------ Given data

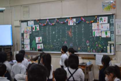 1年生はクラスでお楽しみ会と栄養教室をしていました。食べ物について、楽しくまなんでいました。
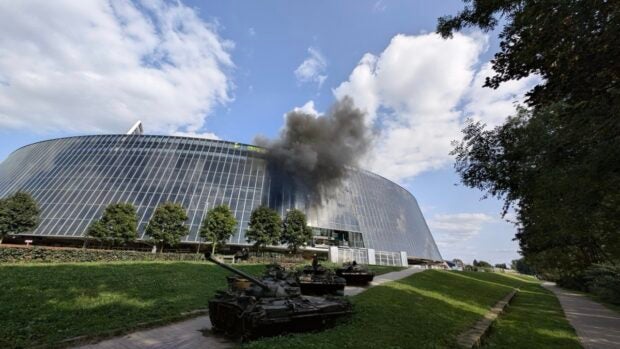 KI-Manipulation mit Reimagine: Mit wenigen Prompts stehen plötzlich Panzer vor dem brennenden Weserstadion. (Bild. t3n)
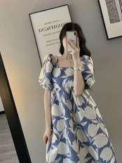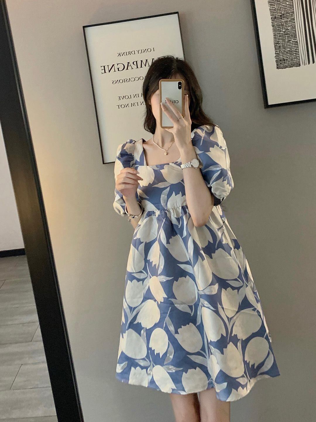 夏 2022 シックなプリント スクエア ネック半袖ドレス女性 ショート ハーフスリーブ サマー 夏物 スクウェア

------------

With the pictures left out, output exactly the lines that begin at the line containing "KI-Manipulation mit Reimagine: Mit" and end at the last line of the material.

 KI-Manipulation mit Reimagine: Mit wenigen Prompts stehen plötzlich Panzer vor dem brennenden Weserstadion. (Bild. t3n)
 夏 2022 シックなプリント スクエア ネック半袖ドレス女性 ショート ハーフスリーブ サマー 夏物 スクウェア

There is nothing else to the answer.